1. Abrió los ojos y solo había negro. El color de intensa oscuridad se extendía ante sus orbes, sin
que hubiera nada más allá que esa inmensidad opaca que parecía arrastrar con ella todo
sentimiento feliz o alegre hasta un abismo que descendía hasta un páramo desconocido por el
mundo, un abismo que parecía rodearle, dónde él caía en una catarata infinita. Una negrura que
era capaz de sacar la tristeza, de despedazarla y lanzarla al aire cual estrellas, pero sin el cálido
candor característico de los astros. Solo negro. Una oscuridad que parecía alimentarse de la
propia alma. Nervioso, respiró hondo. Un intenso olor a humedad embargó sus fosas nasales,
entrando en un camino directo hacia su interior sin que su cuerpo pudiera impedirlo. Olor a
madera quejumbrosa y a podredumbre del querer. Olor a muerte.
Era incapaz de despertar de esa pesadilla plagada de tinieblas, donde parecían las sombras ser
las reinas del lugar, que con mano dura impartían su ley allá donde posaban su mirada.
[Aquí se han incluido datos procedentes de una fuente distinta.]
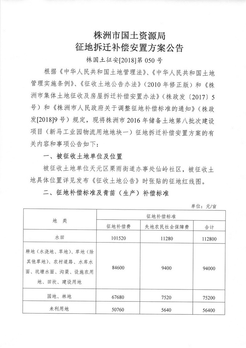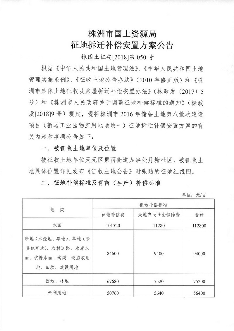 征地拆迁补偿安置方案公告--新马工业园物流用地地块一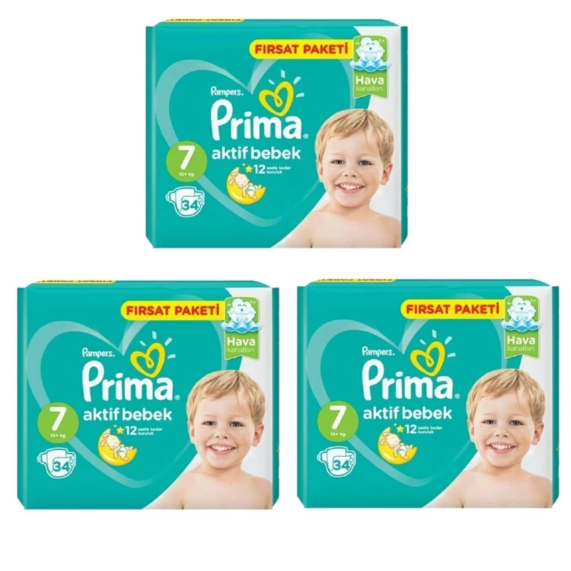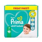 پوشک پریما سایز 7 برای کودکان با وزن +15 کیلوگرم مناسب است. این پوشک پریما ساخت کشور ترکیه مدل Aktif bebek به معنای Active baby و یا کودک فعال است و مناسب دلبند پرجنب و جوش و شاداب شما است. این نوع پوشک با دارابودن تاییدیه پوست ازموسسه سلامت پوست انگلستان (Skin Health Alliance) فاقد پارابن بوده و بالاترین الزامات پوستی متناسب با پوست حساس فرزند شما را برآورده می سازد. کانال های هوای تعبیه شده در این پوشک با ایجاد گردش هوای مستر در اطراف پوست کودک شما باعث ایجاد احساس خشکی و جلوگیری از آسیب های پوستی در کودکان می شود. لایه داخلی با دارا بودن ذرات مرواریدی شکل رطوبت را جذب کرده و تا 12 ساعت در خود نگه میدارد بنابراین می توانید از این پوشک در طول شب، بدون نیاز به تعویض استفاده کرده و خواب راحت و آرامی را برای کودک رقم بزنید. همچنین یک لایه خشک اضافه در سطح رویی نیز رطوبت و آلودگی را از پوست حساس کودک دور نگه می‌دارد. این پوشک بسیار نرم و لطیف بوده و احساس راحتی فوق العاده ای ایجاد می کند نوارهای جانبی نرم و کشسان دو طرف پوشک نیز باعث می‌شود علی‌رغم تحرک فرزند شماْ پوشک در جای خود ثابت بماند.

Su
aliento, igual de pútrido que la madera cercana, chocaba contra una superficie cercana a su
rostro, devolviéndole el vaho en choques aromáticos que le provocaban arcadas. Levantó una
mano, despacio, notando como la rugosa textura de la madera antigua le clavaba pequeñas
astillas en las yemas de los dedos. Y entonces, como una luz brillante en el inmenso cielo
nocturno, la realidad golpeó su cuerpo: estaba encerrado. Durante unos instantes, todos sus
músculos se tensaron en un rictus involuntario que le incitaba a golpear, gritar o llorar con la
máxima intensidad que fuera posible, como si sus puños, su voz o sus lágrimas pudieran romper
su prisión de árbol y tierra que parecía aprisionarlo. Su corazón tomó las riendas de la situación,
acelerando el ritmo y golpeando su pecho con una fuerza inusual que hacía sonoro cada
movimiento de sus ventrículos, mientras que su respiración respondía con más velocidad. Clavó
sus uñas en el duro material, sintiendo como la sangre emanaba de las heridas y goteaba oscuros
regueros invisibles entre la negrura del espacio cerrado en su cuerpo, cubriéndolo de un tono
rojizo que era incapaz de vislumbrar. El dolor parecía un compañero más de ese viaje que el
miedo había emprendido con su cuerpo al entender la situación, un viaje que parecía tener un
final funesto que sus manos desesperadas se negaban a aceptar. Los arañazos dejaron pasar a los
golpes desesperados que despertaban ruidos sordos en la madera, gruñidos que parecían
provenir de la mismísima madre tierra. El temor movía cada uno de sus pensamientos, dirigía
cada músculo hacía una histeria encolerizada.
Y, igual de rápido que había empezado su nerviosismo, se calmó. El miedo, poderoso, había
invadido cual veneno sus arterías y recorría su organismo, campando a sus anchas y dejando un
reguero de desesperación depresiva a su paso, dejando paso a la resignación. La histeria dejó
paso al pesimismo y la ansiedad a la aceptación. Por muy hondo que sus uñas se clavaran en la
madera, no conseguiría arrancarse de la prisión en la que se encontraba, pues no había material
más fuerte y poderoso que la propia mente. Una prisión con cadenas invisibles que rodeaban
con grilletes indestructibles sus pies, una prisión autoimpuesta de pesimismo. Quería luchar,
quería seguir corriendo, dejar atrás el temor y enfrentarse al negro, mostrar luz en su corazón
que pudiera hacer abandonar el reinado de las sombras a las tinieblas, que pudiera devolver el
candor estrellado a su noche cerrada, pero era ya demasiado tarde. Se había dejado llevar cual
títere por sus miedos y ahora no era más que la sombra del pasado, un eco triste de tiempos
antiguos.
Pues en el fondo sabía que no había prisión más poderosa que la resignación ni cadenas más
pesadas que el miedo a fallar. Muy en el interior de su alma sabía que ese abismo que le rodeaba
lo había cavado el mismo, a cada paso retrocedido que había dado en su vida, a cada temor que
había dejado pasar en su interior. Y ahora no podía hacer nada más que contemplar su propia
destrucción, su propio descenso por el precipicio hacia una muerte segura.